:: Supplied material

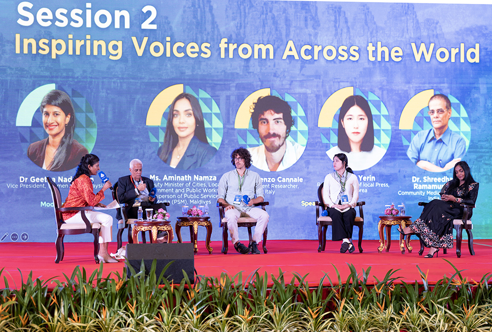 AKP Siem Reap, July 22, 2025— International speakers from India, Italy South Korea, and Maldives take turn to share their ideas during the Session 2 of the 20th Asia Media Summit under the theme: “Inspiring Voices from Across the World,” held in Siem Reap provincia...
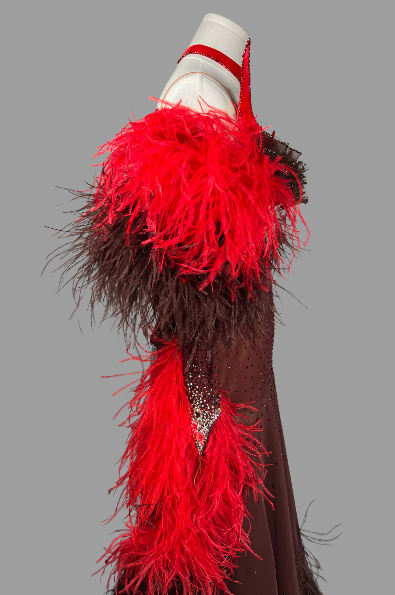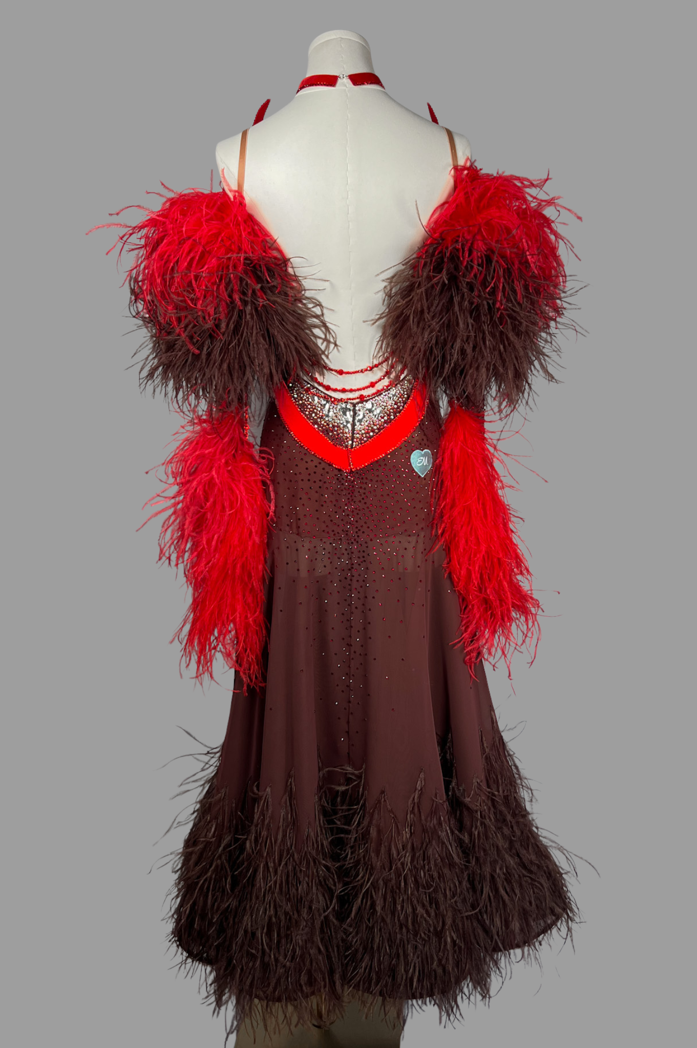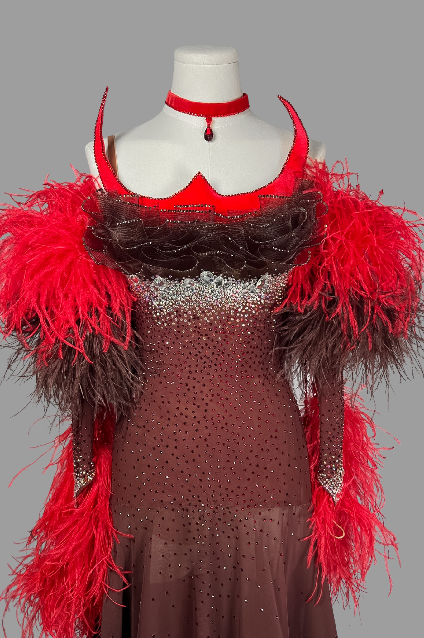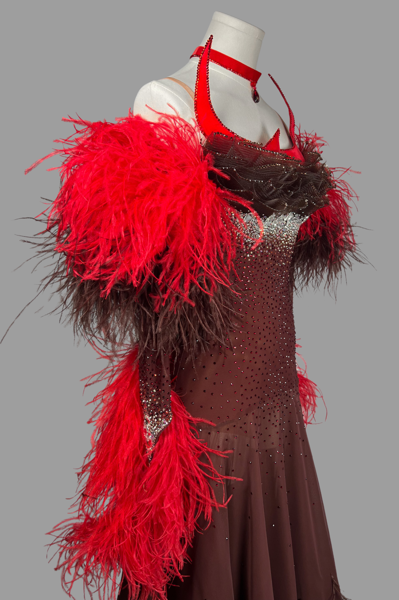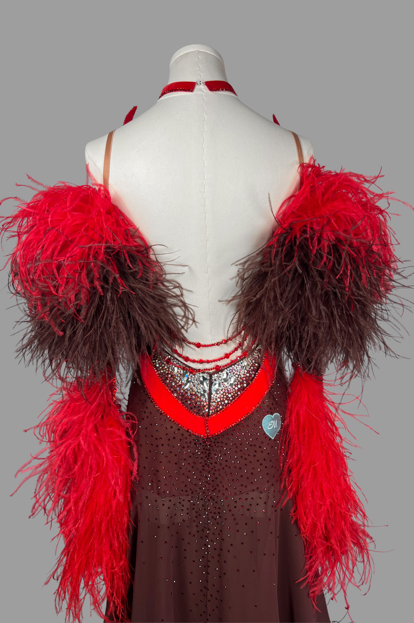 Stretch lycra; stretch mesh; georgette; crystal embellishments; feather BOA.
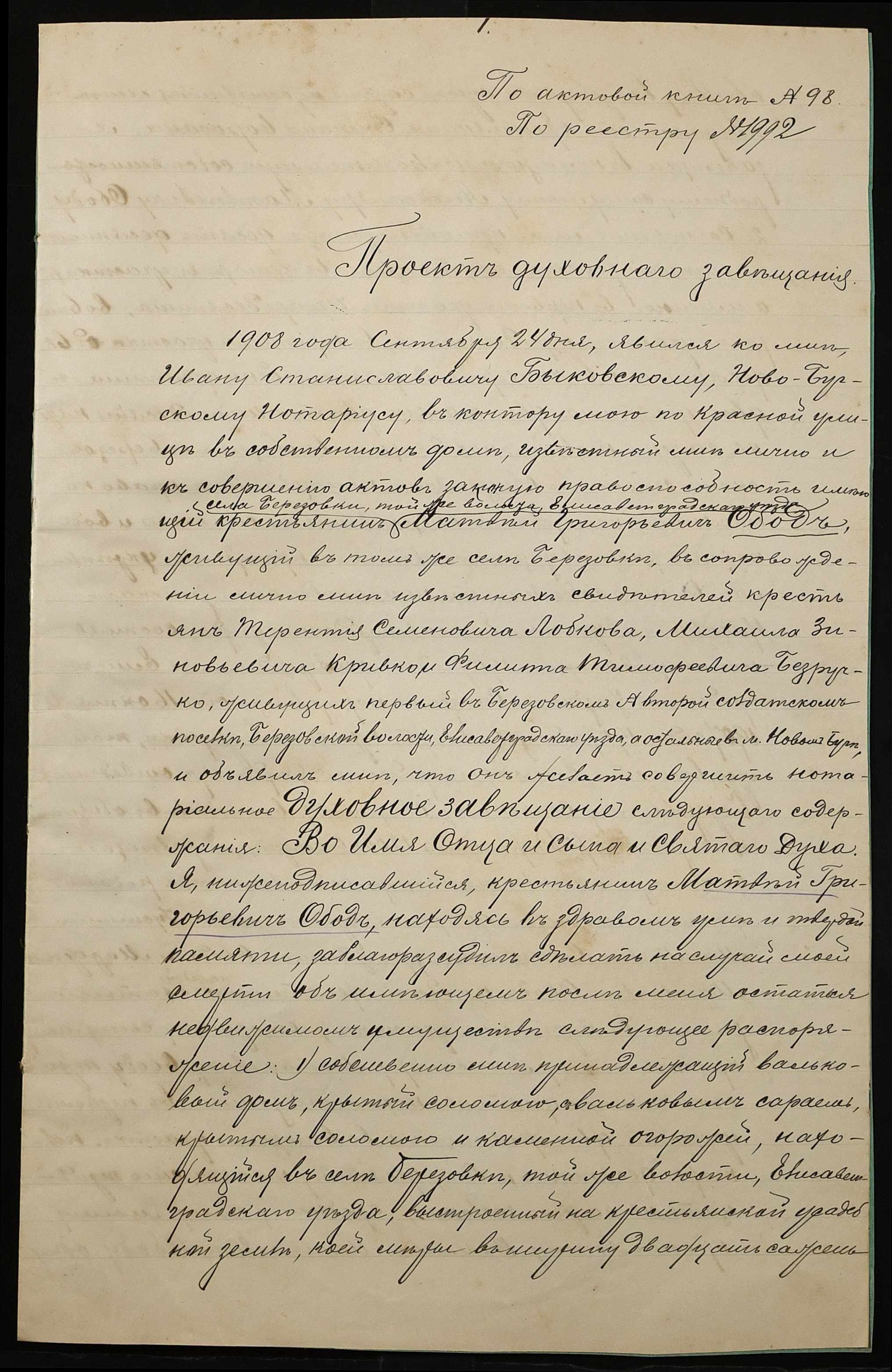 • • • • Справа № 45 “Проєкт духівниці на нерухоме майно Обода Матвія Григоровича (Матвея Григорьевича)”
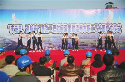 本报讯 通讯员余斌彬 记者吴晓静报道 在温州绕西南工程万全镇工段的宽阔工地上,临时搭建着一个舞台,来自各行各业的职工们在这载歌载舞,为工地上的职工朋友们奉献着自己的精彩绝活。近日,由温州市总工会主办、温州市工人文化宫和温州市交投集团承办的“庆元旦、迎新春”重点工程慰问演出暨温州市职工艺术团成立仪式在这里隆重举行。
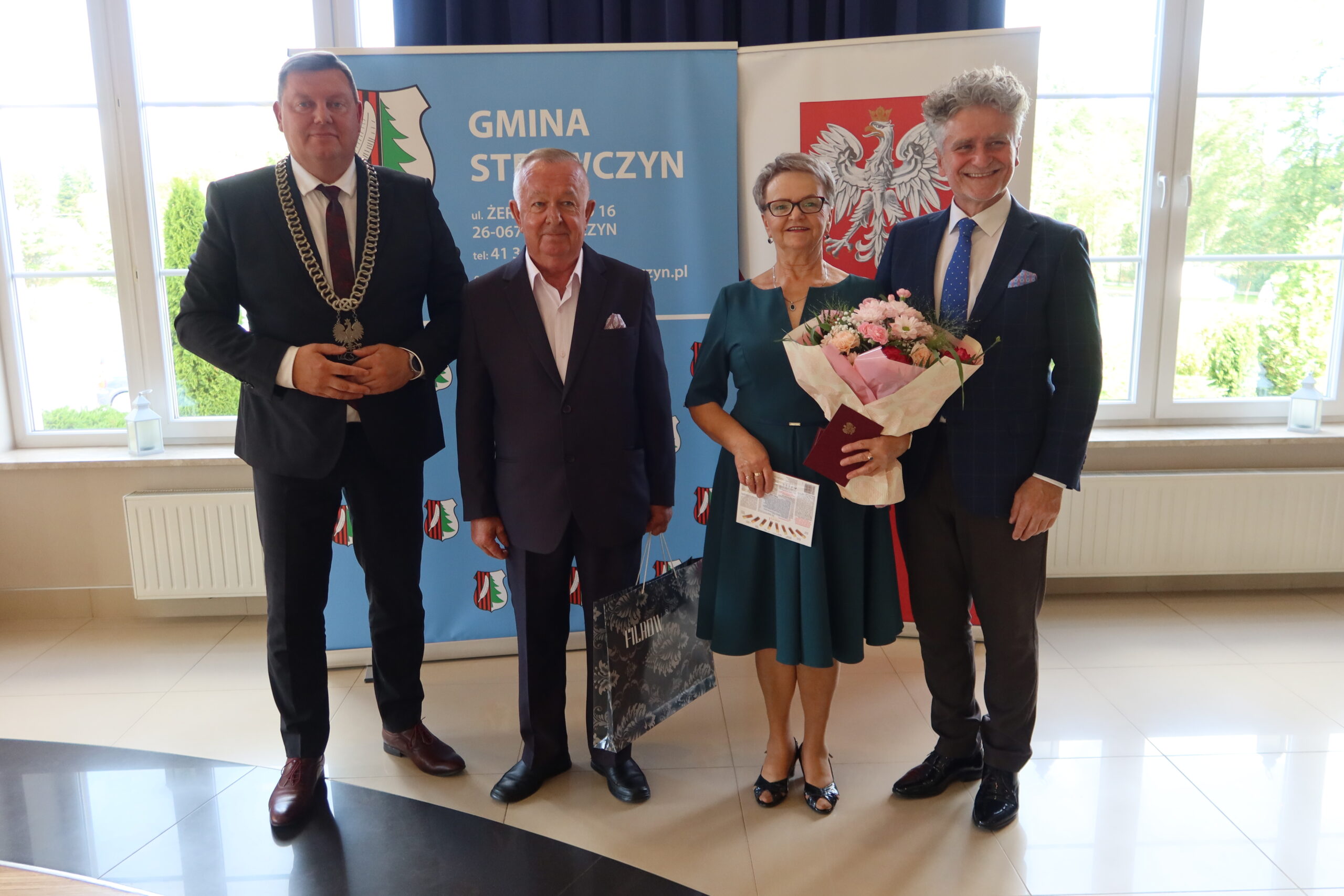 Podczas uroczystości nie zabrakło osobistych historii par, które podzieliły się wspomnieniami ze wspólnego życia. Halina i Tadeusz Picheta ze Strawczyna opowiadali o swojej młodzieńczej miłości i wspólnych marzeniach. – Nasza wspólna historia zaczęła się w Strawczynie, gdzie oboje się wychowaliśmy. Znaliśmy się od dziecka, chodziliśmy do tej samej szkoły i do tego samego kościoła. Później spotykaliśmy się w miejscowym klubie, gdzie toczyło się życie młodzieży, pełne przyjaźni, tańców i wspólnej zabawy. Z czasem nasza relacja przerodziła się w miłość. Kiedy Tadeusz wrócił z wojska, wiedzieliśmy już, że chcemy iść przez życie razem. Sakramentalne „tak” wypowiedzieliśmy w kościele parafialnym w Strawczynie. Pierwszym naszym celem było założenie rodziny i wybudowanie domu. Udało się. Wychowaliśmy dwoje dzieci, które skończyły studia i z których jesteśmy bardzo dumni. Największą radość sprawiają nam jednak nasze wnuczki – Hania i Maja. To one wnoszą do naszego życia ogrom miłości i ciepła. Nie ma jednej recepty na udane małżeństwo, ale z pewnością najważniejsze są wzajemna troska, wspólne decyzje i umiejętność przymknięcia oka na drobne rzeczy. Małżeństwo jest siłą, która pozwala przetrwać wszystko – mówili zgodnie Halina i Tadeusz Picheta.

::::

### Task
Out of the records above, set down only the lines from the one that contains "Справа № 45" through the one that contains "本报讯 通讯员余斌彬 记者吴晓静报道", unchanged and without the pictures.

### Task result
 • • • • Справа № 45 “Проєкт духівниці на нерухоме майно Обода Матвія Григоровича (Матвея Григорьевича)”
 本报讯 通讯员余斌彬 记者吴晓静报道 在温州绕西南工程万全镇工段的宽阔工地上,临时搭建着一个舞台,来自各行各业的职工们在这载歌载舞,为工地上的职工朋友们奉献着自己的精彩绝活。近日,由温州市总工会主办、温州市工人文化宫和温州市交投集团承办的“庆元旦、迎新春”重点工程慰问演出暨温州市职工艺术团成立仪式在这里隆重举行。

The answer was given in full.